Poetics and Politics

Poetics and Politics

One of the results of our research focus Genre and Affect was that as soon as one views social reality not in a representational manner but in terms of economies of affect and communities of taste, poetological questions lead to a political dimension. Yet, how can we relate this to the fact that praxis or ‘acting’ is considered a central notion of the political while poiesis or ‘making’ usually is not?

We used Richard Rorty’s concept of a permanent interlocking of self-description and acting in order to explore the possibilities and limits of a comprehension of politics that is necessarily attached to poiesis.

In detail, we aim at the question of how the poetics of audiovisual proposals of a commonly shared world relate to processes of political community-building. More generally put, this implies a connection of poetics and politics that is transformative and can only be grasped in specific configurations that are themselves objects of a “making.“ How do forms of poetic making set up the conflict areas of community by simultaneously bringing to mind possible options of political action, whether as affirmations of hegemonic forms of communitization or as polemic interventions?

After having concentrated on concepts frequently discussed in our own previous work and in film studies in general (this concerns metaphor and cognition, as well as the notion of genre), we needed to broaden our focus on adjacent fields of study.

To examine our hypotheses and questions regarding the relation of poiesis and praxis in the work of Aristoteles, historical constellations of poetics and politics as well as more recent political theories, we invited an interdisciplinary group of fellows. While we were not interested in incorporating the whole spectrum of political theories, we wanted to concentrate on the political dimension of poiesis as derived from our earlier results. Together with philologists and philosophers like Martin Vöhler, Jan Völker, Anke Hennig, Oliver Lubrich, James McFarland, Barbara Hahn, Gesa Frömming and Ingo Kieslich (among others), we had group discussions on texts and concepts that needed precise analysis and differentiation concerning their systematical and historical dimensions. Additionally, we used this conceptual work to reassess our theoretical reflection on the practice of a poiesis of viewing films by comprehensively analyzing the films of Steve McQueen.

Rather than pinpointing a definitive concept of poiesis and political acting, we strove to understand the manifold discursive fields of poiesis and praxis, poetics and aesthetics in order to theoretically support our aim of thinking with film. In doing so, a certain historicity and diversity in the notion of poiesis became visible that – even in Aristotle’s writings – only emerges in strained constellations. Also, we found out that most historical as well as recent positions limit the question of poetics and politics to models of speaking, listening, writing, and reading. This confirmed the necessity to completely re-evaluate these positions instead of simply applying them to audiovisual images. Additionally, it seemed appropriate to avoid the artificial, normative separation of poiesis and poetics as well as between poetics and aesthetics.
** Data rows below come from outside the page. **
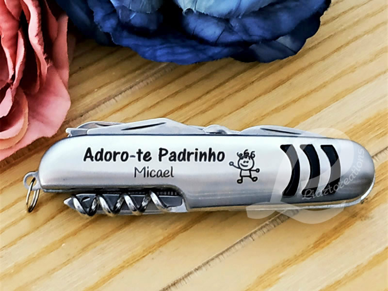 Home Padrinhos Canivete multifunções "Adoro-te Padrinho" Canivete multifunções "Adoro-te Padrinho" Personalização pretendida. Gravação no verso - 1,50 € 9,50 € Desconto de %. IVA incluído. Adicionar Contactar Adicionar à wishlist Canivete multifunções "Adoro-te Padrinho" Material: Aço Inoxidável Medida : 90 x 25 x 18 mm PRAZO DE PRODUÇÂO/EXPEDIÇÃO: 5 dias úteis. Partilhar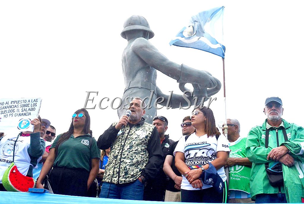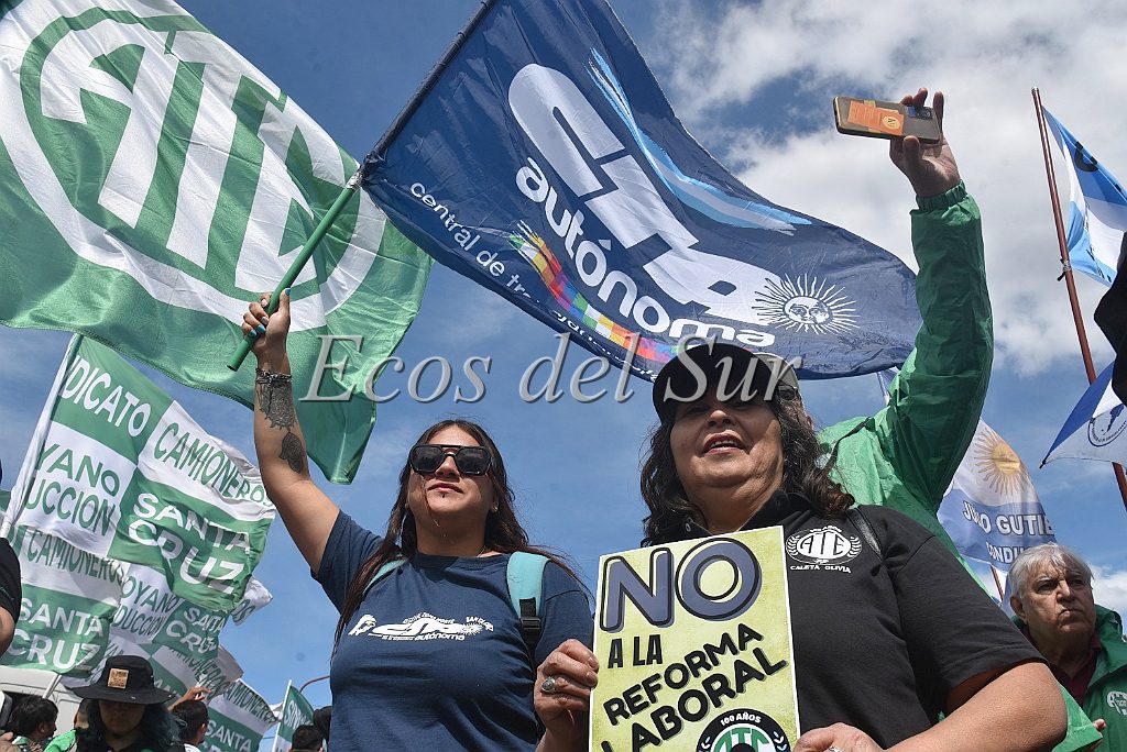 A los afiliados de ese gremio, se sumaron los de la UOCRA, muchos de los cuales arribaron desde Perito Moreno, Truncado y Las Heras, observándose también un gran despliegue de banderas de los sindicatos dea municipales, ARCA (ex AFIP), docentes y no docentes universitarios, empleados bancarios, trabajadores de la televisión, petroleros jerárquicos, vigiladores privados, de la CTA y los partidos Justicialista, Obrero y UCR.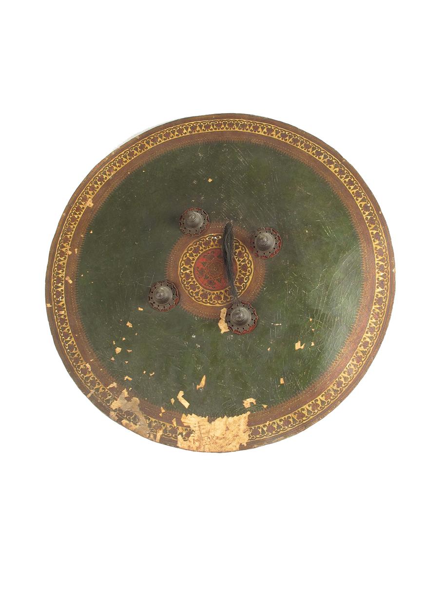 A 19th century Indian painted hide dhal, the exterior with four bronze bosses, 24.5in (62.3cm) dia.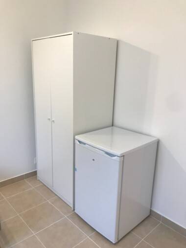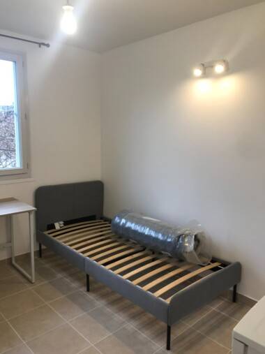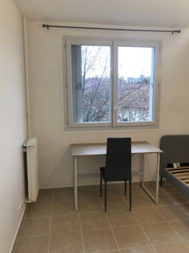 Chambre 2 de 17 m2 disposant un balcon de 5m2, avec un lit 140 x200, une armoire, un bureau, une étagère, une chaise et un frigo (possibilité pour un couple ou 2 amis)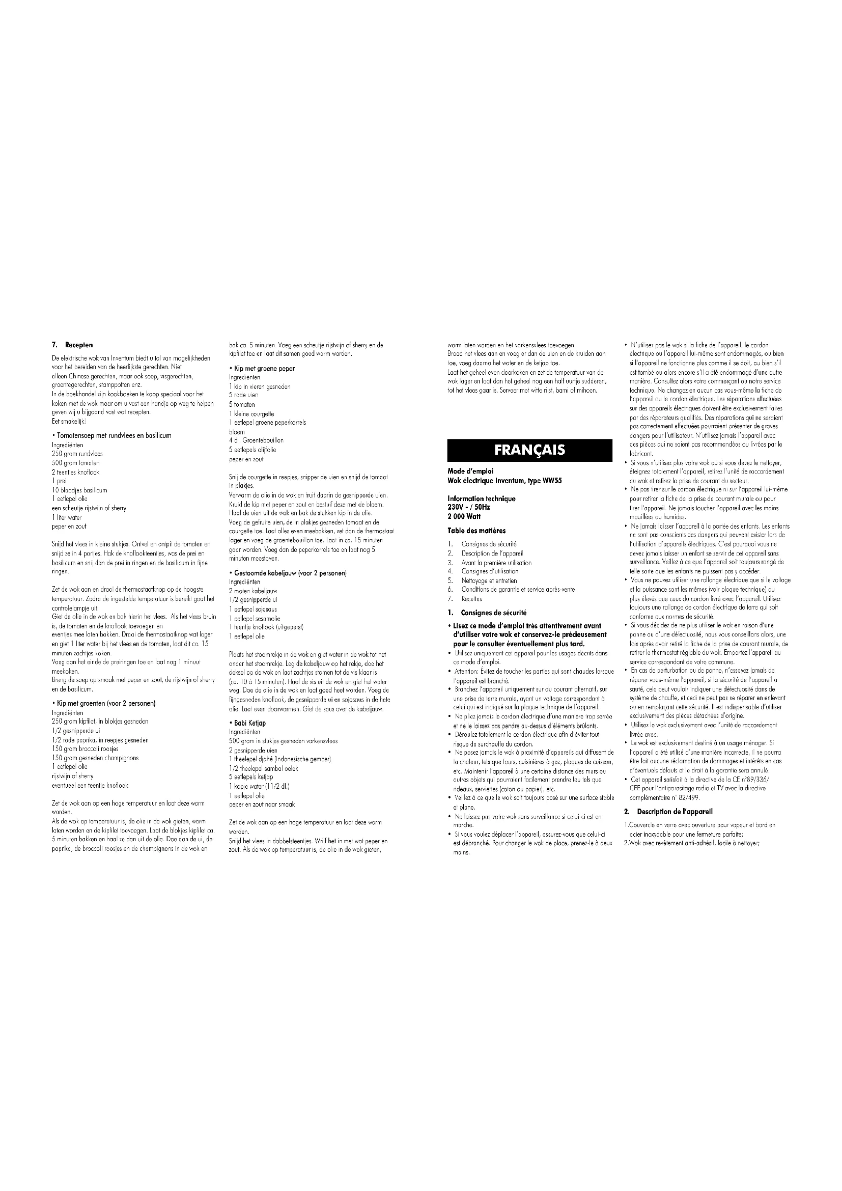 N'utilisez pas le wok si la fiche de l'appareil, le cordon électrique ou l'appareil lui-même sont endommagés, ou bien si l'appareil ne fonctionne plus comme il se doit, ou s'il a été endommagé d'une manière quelconque. Consultez alors un service technique. Ne changez en aucun cas vous-même la fiche de l'appareil ou le cordon électrique. Les réparations effectuées sur des appareils électriques doivent être exclusivement faites par des réparateurs qualifiés. Des réparations qui ne seront pas correctement effectuées pourraient causer de grosses dangers pour l'utilisateur. N'utilisez jamais l'appareil avec des pièces qui ne seront pas recommandées ou livrées par le fabricant. - Si vous utilisez plus ce wok ou si vous devez le recycler, débranchez totalement l'appareil, retirez l'unité de raccordement du wok et refermez la boîte de courant du sécheur. - Ne pas tirer sur le cordon électrique ni sur l'appareil, lui-même pour être la fiche de la prise de courant murale ou pour tirer l'appareil. Ne touchez pas l'appareil avec les mains mouillées ou humides. - Ne laissez jamais l'appareil à la portée des enfants. Les enfants ne sont pas conscients des dangers qui peuvent exister lors de l'utilisation d'appareils électriques. C'est pourquoi vous ne devez jamais laisser un adulte de servir de cet appareil sans surveillance. Veillez que cet appareil soit toujours rangé de sorte que les enfants ne puissent pas y accéder. - Vous ne pouvez utiliser une rallonge électrique que si le voltage et la puissance sont les mêmes [voir notice technique] ou plus élevés que ceux du cordon livré avec l'appareil. Utilisez uniquement une rallonge de cordon électrique qui soit conforme aux normes de sécurité. Si vous décidez de ne plus utiliser le wok ou pour une raison de panne ou d'effet, sous vos conséquences ci-dessus, une fois après avoir retiré la fiche de la prise de courant murale, de retirer le thermostat régulateur du wok. Apportez l'appareil au service correspondant de votre commune. En cas de perturbation ou de pomme, n'essayez jamais de réparer vous-même l'appareil, il saute de l'appareil ou sauf, cela pourrait vous induire une défectuosité du système du chauffe, et donc ne peut-on réparer en ligne ou en renvoi cette sécurité. Il est indispensable d'utiliser exclusivement des pièces détachées d'origine. - Utilisez le wok exclusivement avec l'unité de raccordement livrée avec. - Le wok est exclusivement destiné à un usage domestique. Si l'appareil est une édition d'une multinationale inconnue, il ne pourrait et coll'une réclamation de dommages et intérêts ou cas d'éventuels détails ou le droit à la garantie sera annulé. - Cet appareil satisfait à la directive de la CE n89/336/CEE pour l'antipollution radio et avec la directive complémentaire n 82/499.
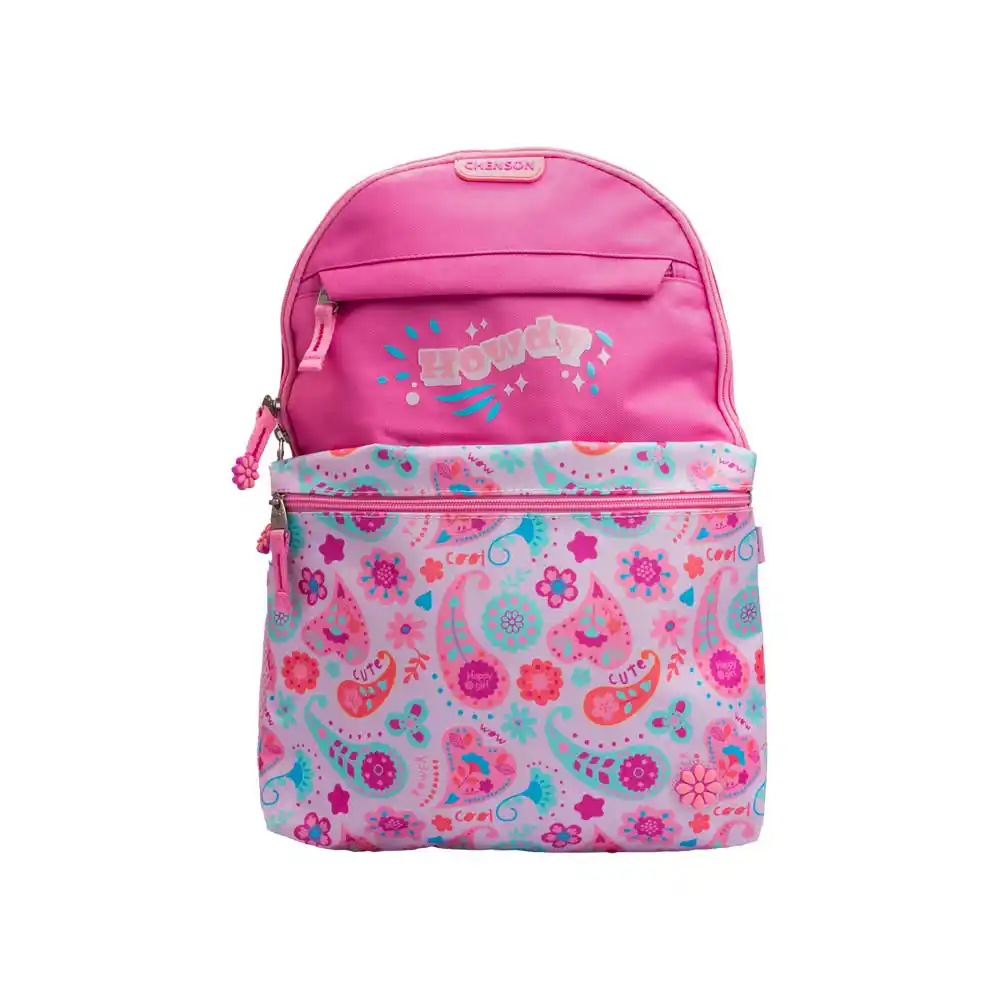 Mochila Chenson rosa con diseño paisley y flores. Alegre y femenina, perfecta para la escuela.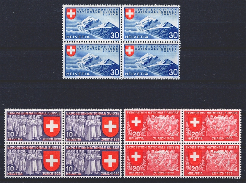 Schweiz, Freimarken, Landi französisch, Nr.222-224, im Viererblock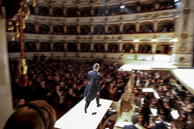 Una foto di Marco Caselli Nirmal, tratta dall’archivio del Teatro Comunale, immortala Claudio Abbado durante quell’allestimento. “Un’istantanea spiazzante – come si leggeva nella didascalia della mostra Tra due fuochi allestita nel 2020 in Rotonda Foschini – dove per un attimo l’osservatore sembra non trovare il fuoco. Poi d’improvviso il fuoco si trova, potentissimo, nel passo teso e carico d’energia di Claudio Abbado che saluta il pubblico al termine di un’esecuzione trascinante dell’opera mozartiana”.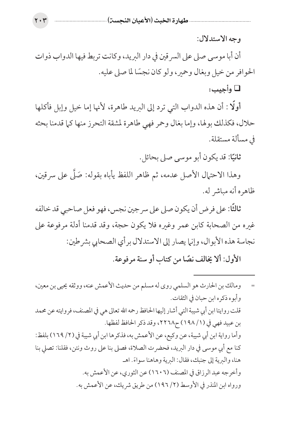 ثالثًا: على فرض أن يكون صلى على سرجين نجس، فهو فعل صاحبي قد خالفه غيره من الصحابة كابن عمر وغيره فلا يكون حجة، وقد قدمنا أدلة مرفوعة على نجاسة هذه الأبوال، وإنما يصار إلى الاستدلال برأي الصحابي بشرطين: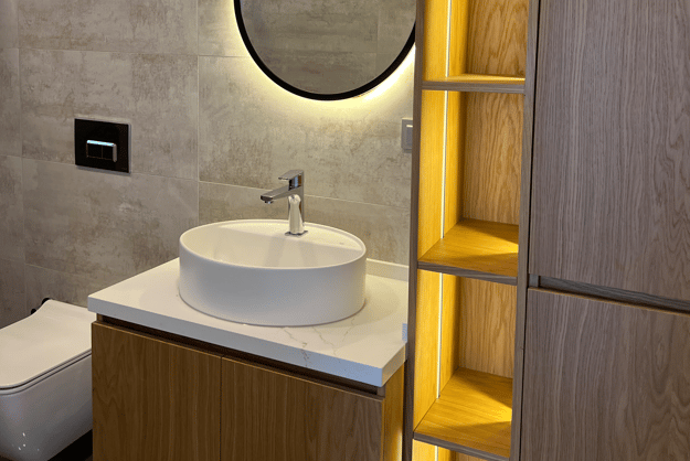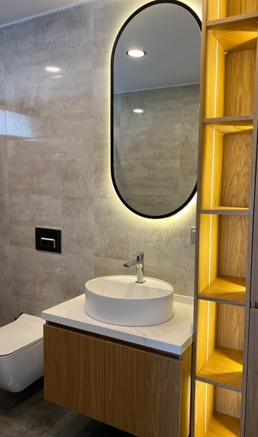 Bodrum'daki bu projemiz, Airbnb kiralama amacı ile kullanılan bir villanın banyo alanlarının güncellemesi ve misafir deneyimini iyileştirmeyi hedefleyen kapsamlı bir tadilat sürecini kapsıyor. Proje yaklaşımımız, işlevselliği, estetiği ve kolay bakım sağlanabilirliği bir arada sunan sıcak bir tasarım diline odaklandık.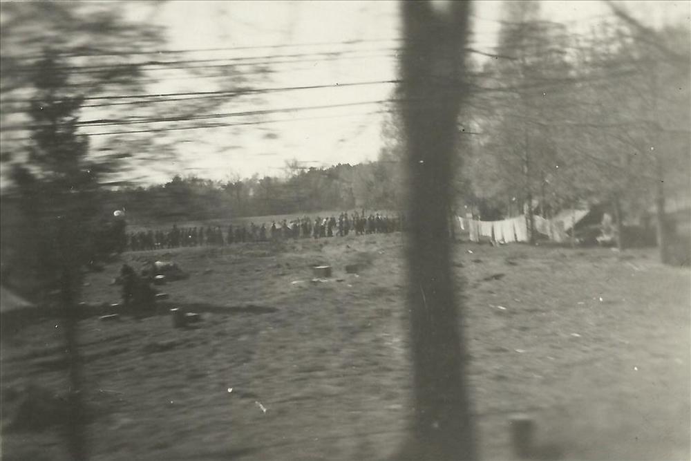 militair kampement met rij militairen en drogende was

We were able to work out a notion of poiesis which focuses on the dimension of thinking and acting in concreto and with regard to poetic making. In addition to Rorty, Hannah Arendt served as an important reference point, as her work links philosophy with political theory and criticizes a mode of thinking that is not concerned with the reification and possibilities of plurality in acting and making. Our discussions on Arendt and especially her Kant lectures formed the main topic of our second and third Cinepoetics symposion in which we examined her notions on poetic thinking and judgment as a connecting piece between questions of poetics and a determination of the political. In judgment one can find an answer to the question whether a scheme of the world created through poetic making is valid: Does it concern an affective feeling of self in a way that is not just subjectively valid but claims to hold true for everyone who shares this world? Thus, we validated our hypothesis that judgment can be defined as an agent of political thinking but also as opening up a space of historical experience.

 

The results of our research focus have been published in the following volumes of our Cinepoetics book series:

Hermann Kappelhoff, Christine Lötscher, Daniel Illger (Eds.): Filmische Seitenblicke. Cinepoetische Exkursionen ins Kino von 1968 (Oktober 2018)

Hermann Kappelhoff: Genre und Gemeinsinn. Hollywood zwischen Krieg und Demokratie (2016)

Hermann Kappelhoff: Front Lines of Community. A Postscript to Hollywood War Cinema (2018)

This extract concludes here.